● **Aim of the task**
Your answer must be the exact lines below, starting with the line with "The ECP106 has" and going on through the line with "Le retrait-gonflement des", both included, with no pictures.

● **Supplied records**
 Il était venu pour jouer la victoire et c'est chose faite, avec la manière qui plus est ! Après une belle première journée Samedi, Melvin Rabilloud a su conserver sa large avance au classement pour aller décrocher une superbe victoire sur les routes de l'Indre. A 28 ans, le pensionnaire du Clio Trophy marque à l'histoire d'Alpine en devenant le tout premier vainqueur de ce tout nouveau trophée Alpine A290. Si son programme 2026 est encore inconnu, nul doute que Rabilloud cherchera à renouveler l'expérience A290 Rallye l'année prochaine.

* * *

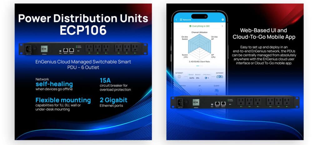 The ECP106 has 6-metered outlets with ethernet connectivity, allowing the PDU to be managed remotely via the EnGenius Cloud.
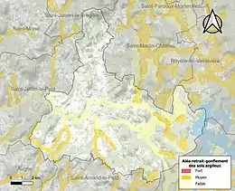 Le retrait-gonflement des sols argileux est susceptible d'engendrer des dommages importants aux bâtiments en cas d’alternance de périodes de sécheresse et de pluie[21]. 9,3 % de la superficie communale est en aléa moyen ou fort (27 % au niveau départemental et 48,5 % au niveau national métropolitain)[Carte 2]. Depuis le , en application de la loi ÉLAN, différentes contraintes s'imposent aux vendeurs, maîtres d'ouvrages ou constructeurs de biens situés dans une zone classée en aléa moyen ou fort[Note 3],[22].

● **Answer space**
 The ECP106 has 6-metered outlets with ethernet connectivity, allowing the PDU to be managed remotely via the EnGenius Cloud.
 Le retrait-gonflement des sols argileux est susceptible d'engendrer des dommages importants aux bâtiments en cas d’alternance de périodes de sécheresse et de pluie[21]. 9,3 % de la superficie communale est en aléa moyen ou fort (27 % au niveau départemental et 48,5 % au niveau national métropolitain)[Carte 2]. Depuis le , en application de la loi ÉLAN, différentes contraintes s'imposent aux vendeurs, maîtres d'ouvrages ou constructeurs de biens situés dans une zone classée en aléa moyen ou fort[Note 3],[22].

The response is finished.